More broadly, the costs of securing software are not currently fully borne by those who write it. That’s normally the kind of market failure government rises to address. If Mythos or a successor makes us all exposed, that could be stimulus for a less hands-off approach, including at the state level.

Editor's note: “Project Glasswing,” a coalition with AWS, Anthropic, Apple, Broadcom, Cisco, CrowdStrike, Google, JPMorganChase, the Linux Foundation, Microsoft, NVIDIA, and Palo Alto Networks, was launched on April 7 to “help secure the world’s most critical software,” according to Anthropic President Daniela Amodei.

  1. You’ve written about the tension between openness and control in the development of the “generative internet.” What are the parallels between that time and our current AI moment?
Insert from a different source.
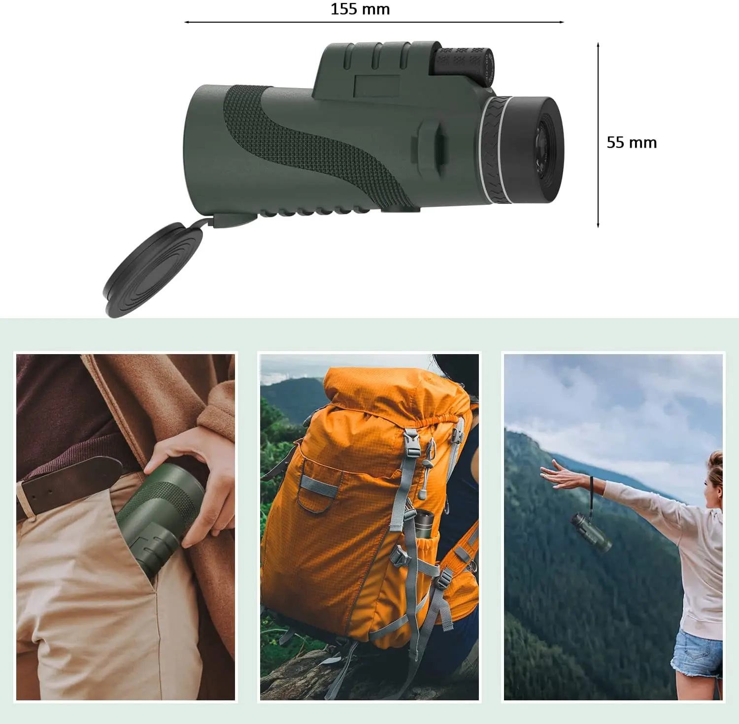 Монокуляр высокой мощности всего 155 мм, очень компактный и достаточно, чтобы положить в карман, удобно носить с собой везде и в любое время. Широкое поле зрения, позволит вам наслаждаться пейзажем перед вами до содержания вашего сердца.

When I wrote The Future of the Internet—And How to Stop It, I made the case that the Internet is an extremely unusual technology. If you rewound history and played it back again, it’s much more likely that instead of an internet that anyone can join and build upon without any credentials or approvals, we’d have a more sedate and ordered set of tended corporate or municipal gardens, like the old CompuServes and AOLs.

The open internet was great, but the lack of gatekeeping invited disruption of settled interests (sharing music files was detested by the music industry) and introduced security risks to everyone.
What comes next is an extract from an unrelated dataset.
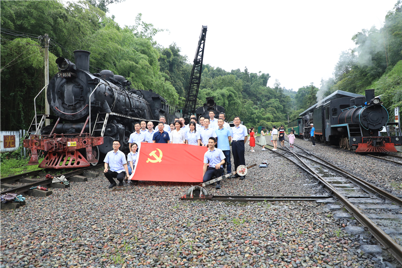 學(xué)習(xí)交流組成員們登上“川投先鋒號(hào)”車廂中,一邊跟隨蒸汽小火車穿越時(shí)空,一邊聆聽嘉陽煤礦80多年的發(fā)展歷程,了解芭石鐵路建成的艱辛,感受旅游轉(zhuǎn)型帶來的生機(jī);來到芭蕉溝的東方紅廣場和毛澤東思想大舞臺(tái),找尋年代記憶,回憶這里曾經(jīng)進(jìn)行文化演出、體育活動(dòng)、群眾集會(huì)的熱鬧場面;在影劇院莊嚴(yán)重溫入黨誓詞,初心不改,繼續(xù)前行;參觀博物館了解嘉陽的抗戰(zhàn)文化、紅色文化、礦山文化;深入全國唯一真實(shí)體驗(yàn)觀光礦井黃村井,讓黨員同志們感受當(dāng)年煤礦工人的艱辛,感悟礦工的燃燒精神;瞻仰馬廟烈士紀(jì)念碑,獻(xiàn)花注目,緬懷英烈,更加珍惜當(dāng)下偉大的時(shí)代和安居樂業(yè)的生活;碧波逐浪桫欏湖,聆聽抗戰(zhàn)運(yùn)煤的歷史,飽覽原生態(tài)凈地……

  1. Let’s talk about legal liabilities for emerging tech. Social media companies like Meta and Twitter/X spent years arguing they were “neutral conduits for third-party information,” as opposed to traditional publishers. What was the basis for that stance? 

In the U.S., the platform companies’ argument was drawn from federal law dating to the 1990s—which said that most unlawful online content from, for example, posting on social media or commenting in web sites’ comment sections could only be held against the people who wrote them, rather than the platforms that sorted and amplified them to millions of people.

Today, when the major platforms are multi-billion-dollar businesses, that argument is harder to sustain. Platforms ought to be able to pay the costs of finding and limiting unlawful content, and to pay damages when they fail and people are harmed.

  1. AI companies seem to be making a version of the same argument. Does it hold any better the second time around? Or could an AI model maker be liable for whatever its model puts out?

It’s hard to say that AI companies [are producing] third-party content. It originates from the company, after all, especially when the companies are generally claiming that they’re not unduly appropriating others’ content when they scrape books and web pages to train the models, since the models transform the content enough for their outputs to be something new.

I think we’ll see LLM model makers saying—as the social media platforms did before them—that holding them responsible for everything models produce will mean they just can’t run the models cost-effectively anymore, and that society benefits from AI models (even when the outputs can be put to bad or unlawful use).